As we were taught: endocrine pancreas, makes Insulin. Exocrine pancreas (same organ, different functional parts) makes enzymes that assist with digestion. Lipase, breaks down fats, amylase, maybe (can’t entirely recall) proteases for proteins, amylase breaks down starches.
Possibly I wasn’t paying attention, glucagon also from endocrine. But isolated glucagon production deficiency doesn’t appear to be a disease entity?
Yes! And probably more. I heartily believe that addressing only the insulin insufficiency is not enough. And that is why I have all kinds of digestive problems. No one even tests nor addresses other lacks nor misfirings from an impaired pancreas.
A picture is worth a thousand words, it is said. Here is an image and a couple of snips and links about the functions of the various pancreatic endocrine hormones. These cells make up a very small part of the pancreas with the majority producing digestive enzymes.
- The alpha cell produces the hormone glucagon and makes up approximately 20 percent of each islet. Glucagon plays an important role in blood glucose regulation; low blood glucose levels stimulate its release.
- The beta cell produces the hormone insulin and makes up approximately 75 percent of each islet. Elevated blood glucose levels stimulate the release of insulin.
- The delta cell accounts for four percent of the islet cells and secretes the peptide hormone somatostatin. Recall that somatostatin is also released by the hypothalamus (as GHIH), and the stomach and intestines also secrete it. An inhibiting hormone, pancreatic somatostatin inhibits the release of both glucagon and insulin.

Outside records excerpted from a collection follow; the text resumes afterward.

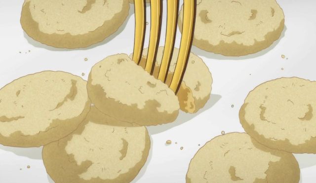 说着便用叉子叉向香蕉球,但是太用力碎掉了,随后奏人便玩起了餐盘上的香蕉球,搞得满桌渣子
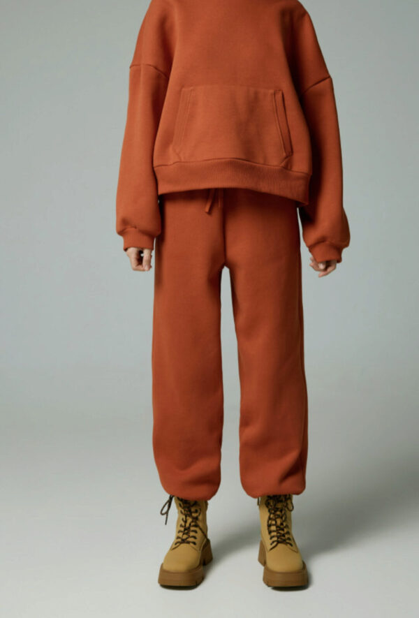 Рекомендуемый материал для пошива: трикотаж с небольшим коэффициентом растяжимости, средней плотности и плотный. Например, футер 2-нитку или 3-нитку с начесом, футер 2-нитку или 3-нитку-петля. Подкладка: кулирную гладь или другое трикотажное полотно. По составу это может быть хлопок в чистом виде или в сочетании с другими волокнами. Материал подкладки необходимо подбирать с растяжимостью соответствующей материалу верха.
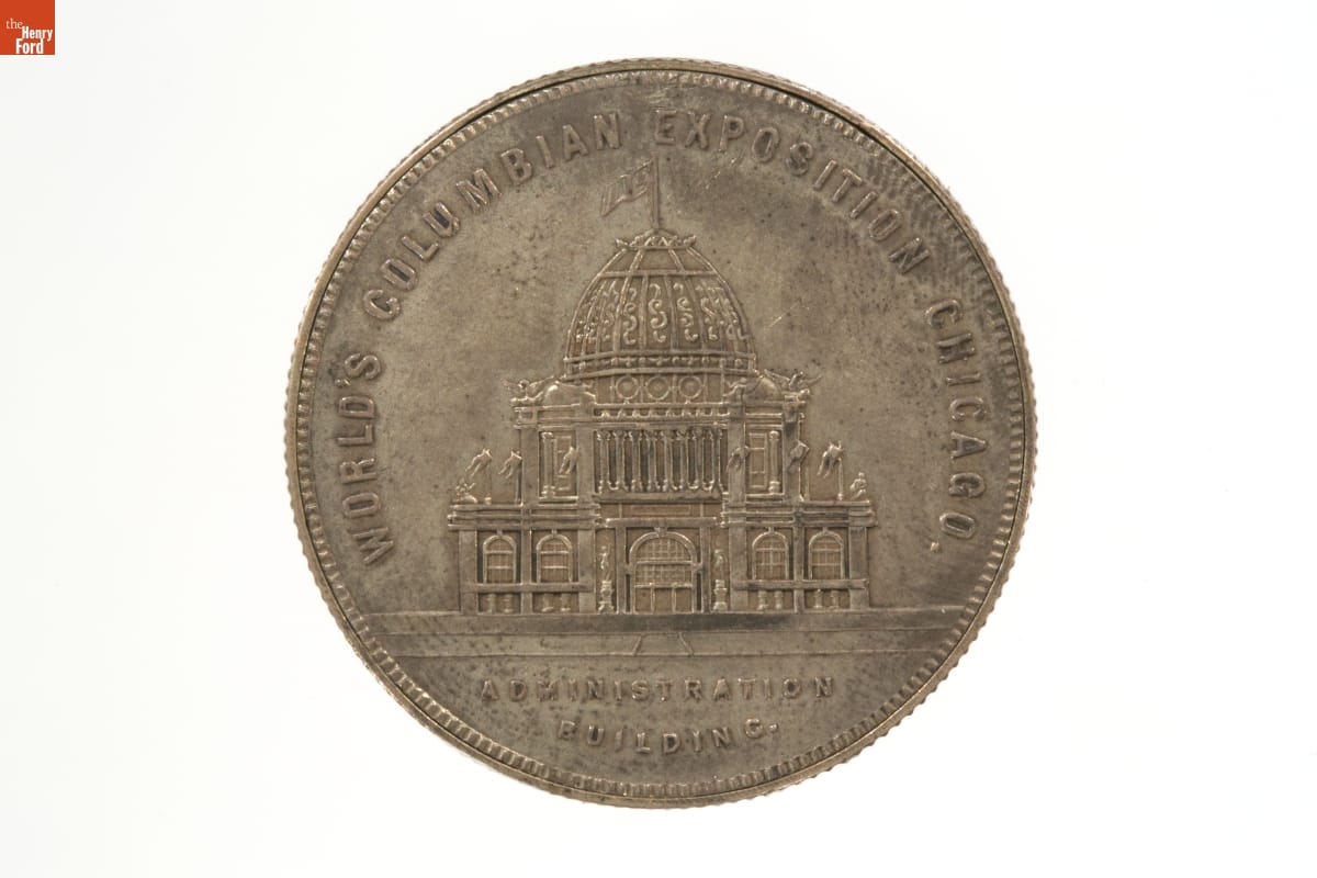 More than 25 million visitors attended the World's Columbian Exposition held in Chicago, Illinois, in 1893. The fair celebrated the 400th anniversary of Christopher Columbus's landing in America. Many fairgoers returned home with mementos, such as this souvenir medal depicting a portrait of Columbus and the exhibition's Administration Building.

- The PP cell accounts for about one percent of islet cells and secretes the pancreatic polypeptide hormone. It is thought to play a role in appetite, as well as in the regulation of pancreatic exocrine and endocrine secretions. Pancreatic polypeptide released following a meal may reduce further food consumption; however, it is also released in response to fasting.
https://courses.lumenlearning.com/suny-ap2/chapter/the-endocrine-pancreas/
The above leaves out one other hormone secreted by the Beta cells, amylin. Type 1 diabetics will not have this hormone as well as insulin. It is considered not necessary, but that could change.

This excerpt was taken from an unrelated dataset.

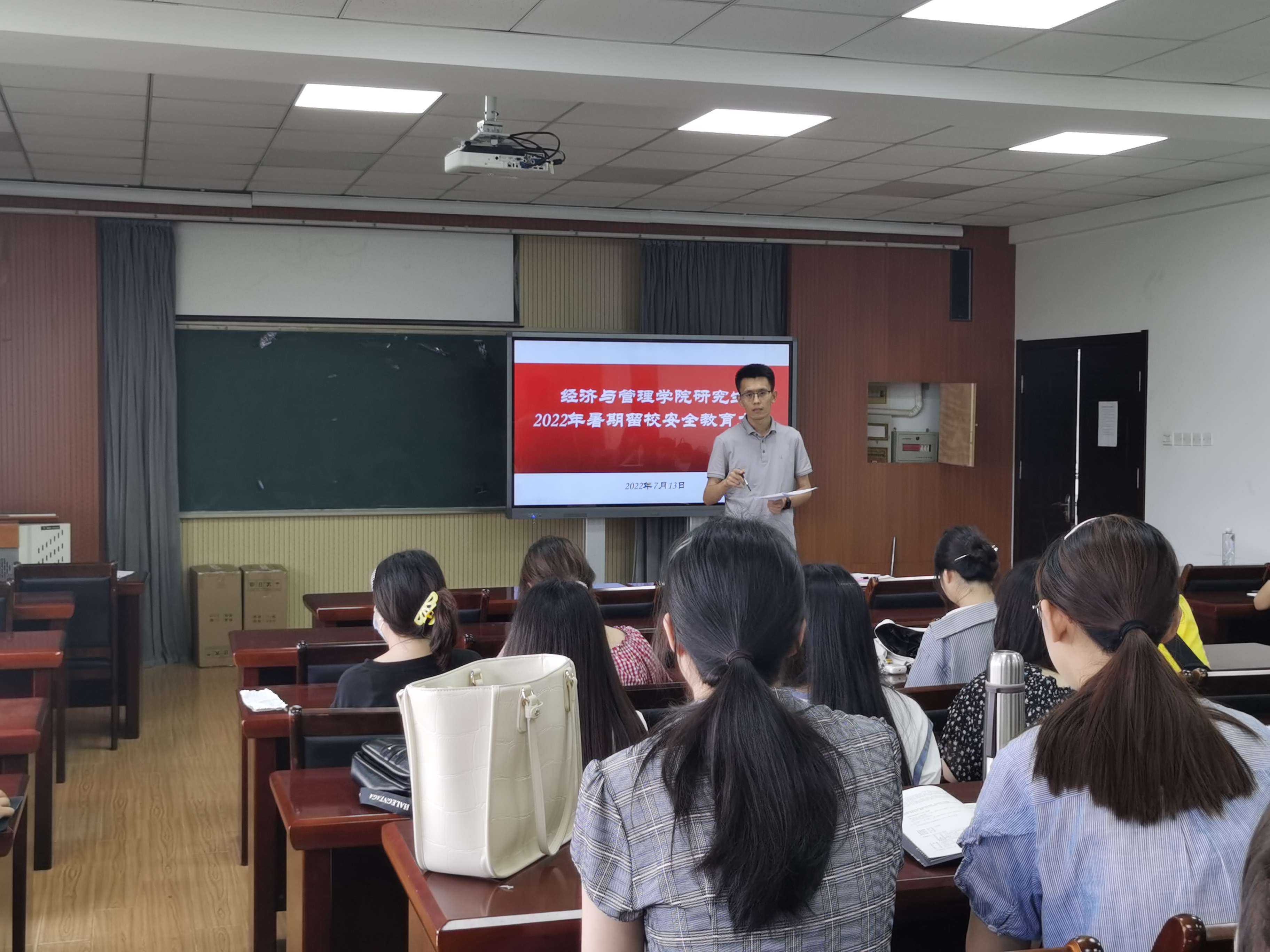 在经管楼504会议室召开研究生2022年暑期留校安全教育大会,学院全体留校研究生参加会议,会议由学院学工办副主任兼团委副书记张显全主持。

Amylin is co-stored and co-secreted with insulin by pancreatic islet β-cells. Amylin inhibits food intake, delays gastric emptying, and decreases blood glucose levels, leading to the reduction of body weight. Amylin is co-stored and co-secreted with insulin by pancreatic islet β-cells. Amylin inhibits food intake, delays gastric emptying, and decreases blood glucose levels, leading to the reduction of body weight.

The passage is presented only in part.